** Provided records follows **

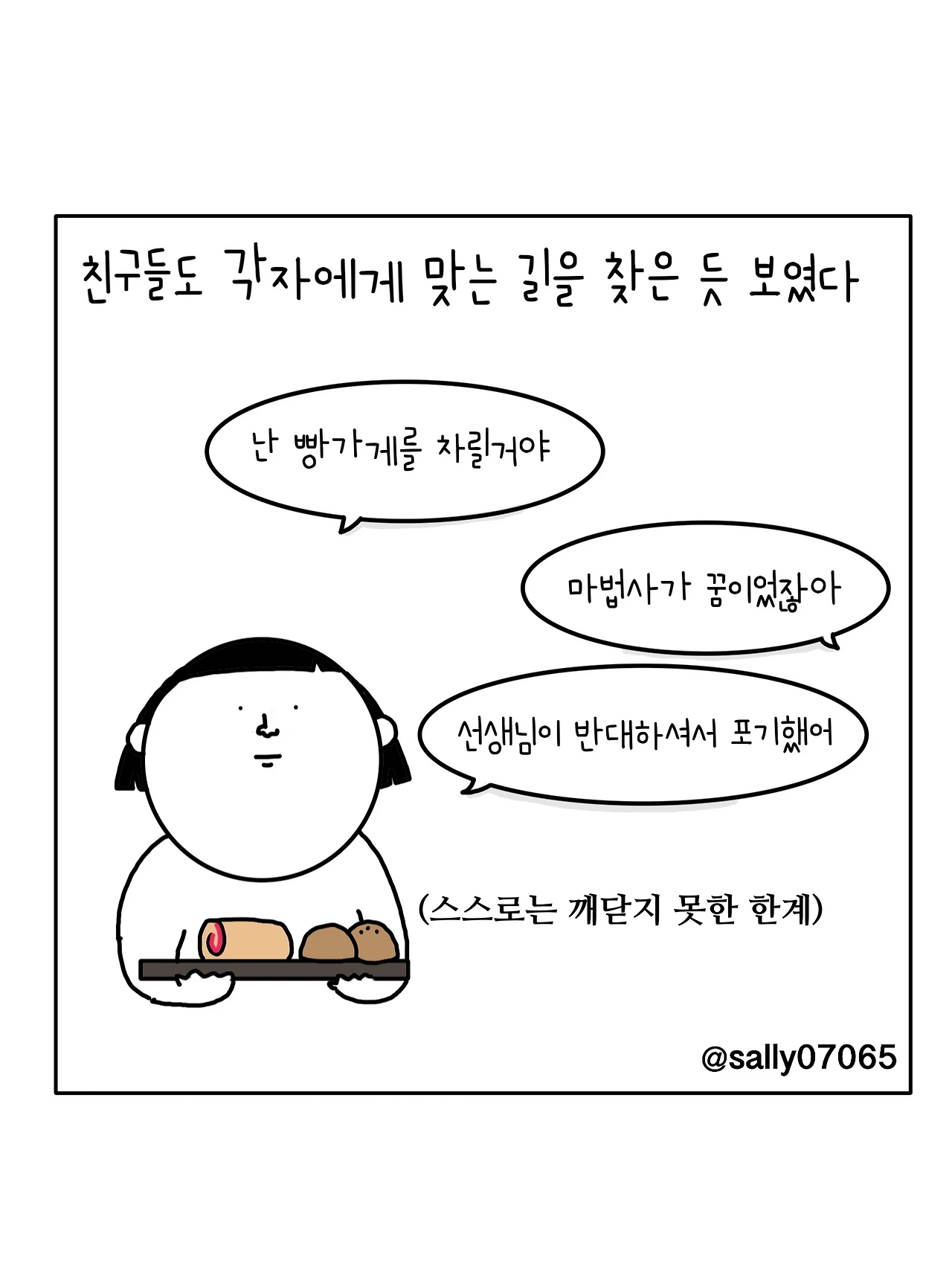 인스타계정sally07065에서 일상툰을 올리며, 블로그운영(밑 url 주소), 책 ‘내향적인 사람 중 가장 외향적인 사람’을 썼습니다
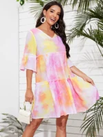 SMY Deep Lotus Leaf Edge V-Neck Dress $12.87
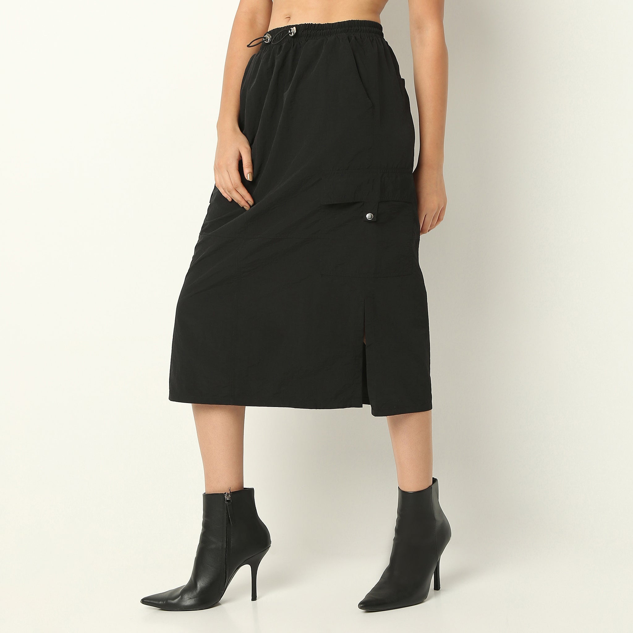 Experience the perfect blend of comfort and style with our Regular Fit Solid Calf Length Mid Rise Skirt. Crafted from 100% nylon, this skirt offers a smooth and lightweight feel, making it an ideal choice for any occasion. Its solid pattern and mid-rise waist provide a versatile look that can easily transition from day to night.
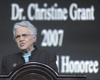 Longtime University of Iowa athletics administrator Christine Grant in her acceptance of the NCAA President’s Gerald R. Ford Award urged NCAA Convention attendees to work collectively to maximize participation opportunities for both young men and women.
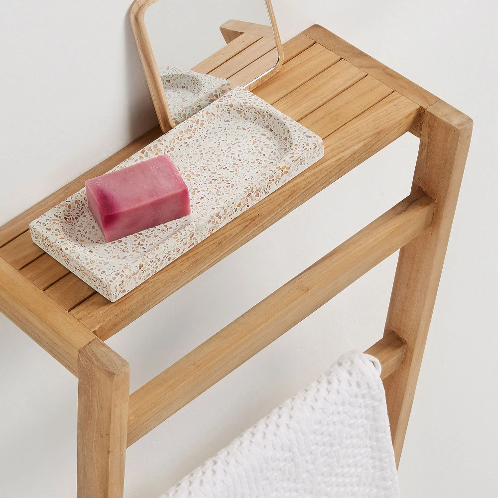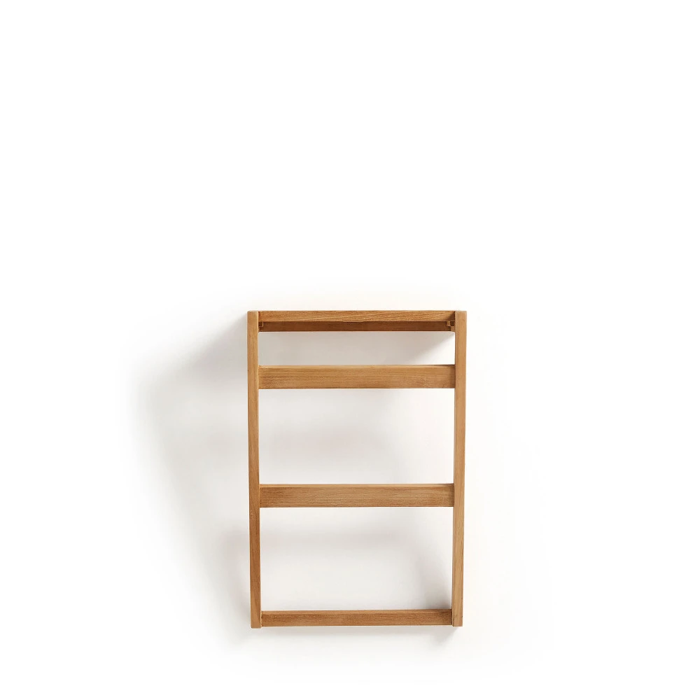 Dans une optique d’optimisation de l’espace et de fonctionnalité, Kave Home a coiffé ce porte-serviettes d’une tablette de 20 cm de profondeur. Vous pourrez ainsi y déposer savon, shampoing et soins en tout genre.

** End of Provided records **

What the task asks:
All of the data above needs to be given again exactly. Leave out each image.

Worked solution:
 인스타계정sally07065에서 일상툰을 올리며, 블로그운영(밑 url 주소), 책 ‘내향적인 사람 중 가장 외향적인 사람’을 썼습니다
 SMY Deep Lotus Leaf Edge V-Neck Dress $12.87
 Experience the perfect blend of comfort and style with our Regular Fit Solid Calf Length Mid Rise Skirt. Crafted from 100% nylon, this skirt offers a smooth and lightweight feel, making it an ideal choice for any occasion. Its solid pattern and mid-rise waist provide a versatile look that can easily transition from day to night.
 Longtime University of Iowa athletics administrator Christine Grant in her acceptance of the NCAA President’s Gerald R. Ford Award urged NCAA Convention attendees to work collectively to maximize participation opportunities for both young men and women.
 Dans une optique d’optimisation de l’espace et de fonctionnalité, Kave Home a coiffé ce porte-serviettes d’une tablette de 20 cm de profondeur. Vous pourrez ainsi y déposer savon, shampoing et soins en tout genre.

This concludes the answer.